A POSTER in Bonn's central market square put it bluntly: ``Europa stirbt in Sarajewo'' (Europe is dying in Sarajevo). It referred to the ideal that has guided Western Europe since World War II: unity for the common good. Spurred by the menace from the East, the Europeans joined in building a stable, democratic community. The active leadership and immense power of the United States made it possible.

But when, at a moment of conspicuous danger, France excluded Germany from the common defense, US Secretary of State Dean Acheson filled the gap. NATO gave Germany the status and security that it needed.

Today, Sarajevo and all the horror and hypocrisy that go with it are poisoning both Europe and its relationship with America. Candidate Bill Clinton was right last year in urging that the Bosnian Muslims be allowed to have weapons to defend themselves. The Europeans, especially Britain and France, later demurred. They said it would only increase the killings (``create a level killing field'') and block ``negotiations.'' They knew Serbs had the upper hand.

The ``negotiations'' and the killing continued. Anglo-French opposition to President Clinton's suggested air strikes against Serbian targets meant further that Serbia would need to pay no price for genocide.

Had the new Clinton administration pressed the point, as it did later with humanitarian air drops, lives would have been spared and the Serbs brought to real negotiation.

Time and again, when Washington proposed that pressure be put on Serbia, the British and French found reason to object. Open insult was not too strong, as in accusing the US of endangering their troops on the ground while not risking any of its own; nor was nonsense, in protesting that the shell-torn carcass of Sarajevo and its wretched survivors were not really under Serbian siege. London dismissed air strikes as not solving anything.

US Ambassador Madeleine Albright, then president of the United Nations Security Council, summoned it to a private meeting and read the riot act. It was unacceptable, ``unconscionable,'' for UN commanders openly to criticize the president of the US, she said. It was, in its way, the worst moment in the transatlantic association since President Eisenhower in 1956 blew the whistle on the Anglo-French invasion of Suez.

Europe has come a long way. The single market of the European Community is in place. But the goal of political union has faded. The focus has been lost. Europe must still face east - not to deal with Soviet aggression but with the unpredictable dangers of instability. Until the people of the former Soviet Union come to rest in orderly democratic states, there exists the possibility of one or more Yugoslavias - with nuclear weapons. Europe's mission today is to ward that off through trade, investment, and development, with all the social and cultural exchanges that bring normality. Germany plays a leading role.

As Europe's political bonds have loosened and economic strains increased, parochial interests and old suspicions have revived.
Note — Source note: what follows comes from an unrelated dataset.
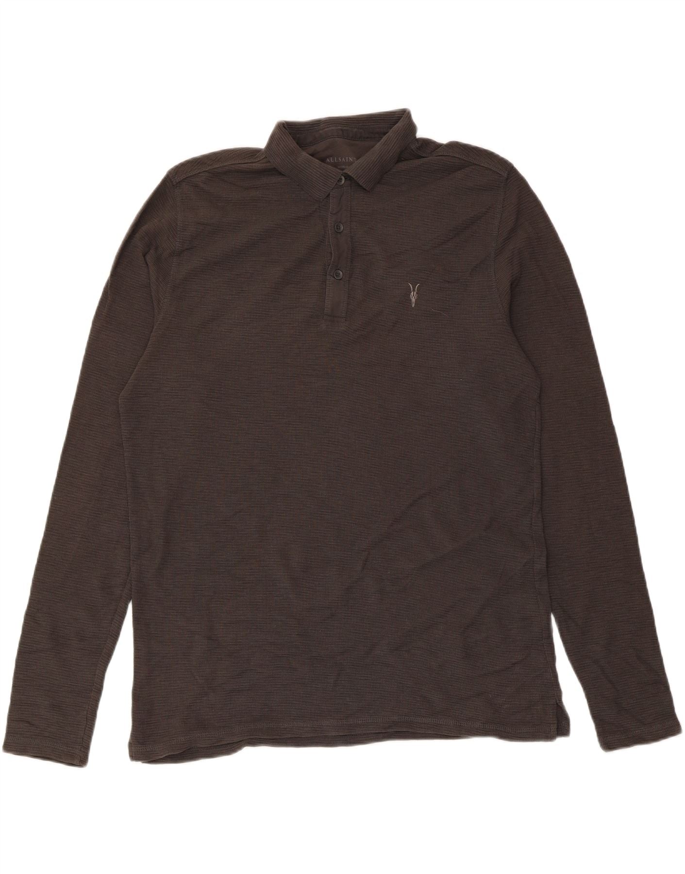 Camisa polo masculina de manga comprida All Saints algodão cinza médio

Many now blame Germany for accelerating the Yugoslav conflict by hastening the recognition of independent Croatia. That was more a democratic than Machiavellian decision. German TV, immersed in the first wave of Serbian massacres and ethnic cleansing in Croatia in 1991, aroused Germans who had spent decades vacationing on the Dalmatian coast.

The Roman Catholic Church was drawn to its Croat co-religionists. The Christian Social Union (CSU) of strongly Catholic Bavaria is the often-fractious other half of Chancellor Helmut Kohl's Christian Democratic Union. Mr. Kohl needed no new trouble with the CSU. Why not recognition to give Croatia the possible protection of international standing? It was also popular. Other countries very soon followed suit.

GERMANY'S efforts to push European union in the face of growing doubts and its central bank's policy of high interest rates also have helped to revive the German bogeyman, especially in Britain.

It may be remembered that when the express train of German reunification was rushing forward in 1990, Prime Minister Margaret Thatcher convened a group of scholars to consider whether Germany could be trusted. France's President Francois Mitterand communicated his misgivings directly to the Soviets. Fortunately, President Bush and Mikhail Gorbachev helped set the switches so that the inevitable went smoothly.

Europe still needs US leadership. Washington should remind all concerned of Germany's importance in meeting the new challenge from the East. Today's Germany is firmly lodged in the West, but there remain nationalists who prefer a maneuverable middle position between East and West. It would be folly for petty Western politics to play into their hands.